Just saw all those awesomely unglam photos of me on Sabrina's blog. I miss the cold weather.
Its true when they say that sometimes you can't put something behind you, no matter how large the time difference is between them. And dreams, yes the strange dreams, of being in that winter wonderland sometimes creep up upon me again like a giant spider. And the memories, both good and bad, come flooding back. That sickening feeling that envelops your heart and yanks it down to the depths when you realise that you're back from a holiday and reality slams into your face? It happens all the time, the novelty wears off and exposes a layer of harsh reality, even more blinding than snow itself, that you don't want to face it, but you have to.

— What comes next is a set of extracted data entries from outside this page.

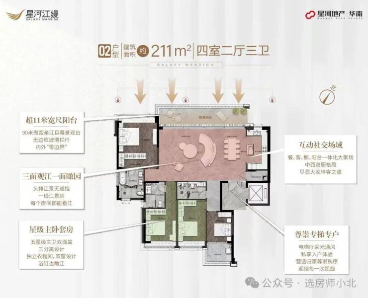 1、2、3栋的面积段均为179㎡,4栋的211㎡,4栋是星河江缦总层最高的一栋,30层高,南北都能望江,白天鹅楼栋也能映入眼帘,其中5层以上是住宅区,1-4层为业主会所,诸如健身房、高尔夫球练习室、茶室、共享厨房等功能区。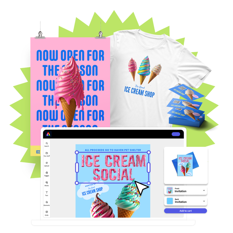 Bring your designs into the world with high-quality printed products made in Adobe Express, your all-in-one AI content creation app. Design and order printed flyers, posters, cards, business cards, t-shirts, and more– and have them delivered straight to your door in sustainable packaging.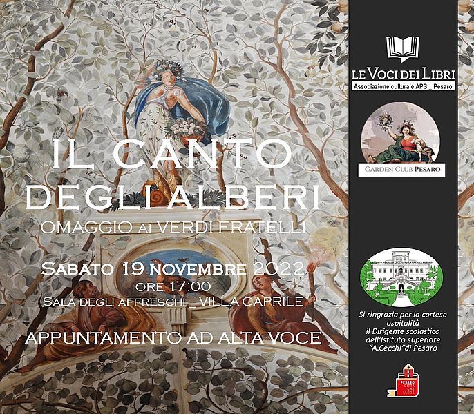 Sabato 19 novembre alle 17:00, il Salone degli Affreschi di Villa Caprile, accoglie il recital ‘Il Canto degli Alberi. Omaggio ai verdi fratelli’ promosso da Le Voci dei Libri e il Garden Club in occasione della Giornata Nazionale degli Alberi (21 novembre).
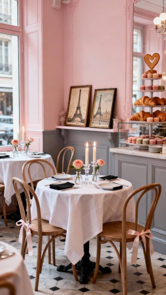 Imagine Paris in February—soft blush tones, tiny tables, and a haze of romance. This design transforms your dining room into a chic café where macarons meet baby shower magic. It feels intimate, polished, and oh-so-photo-friendly.

And yes, I say memories, but I've yet to figure out whether they are really happy memories. There's always so many things and people, 8 days almost seems too short, and before you know it its over. And the making of friends, the regret of not wanting to leave them behind. So I find myself clinging on to photos and memories alone, not wanting the days to go by, because with each day that passes by its another day taking me further from those I miss most.
So sometimes, i wonder if the regret and sadness that enshroudes us at the end of a holiday is really worth it, or is it better not to go at all?
Innocence is strange? Its always used as a good connotation, but it always has a deeper, underlying meaning. So innocence really isnt innocence at all?
But its true, Innocence is bliss, isnt it? Though I know that someday you'll be a memory enbedded in my soul. But not now.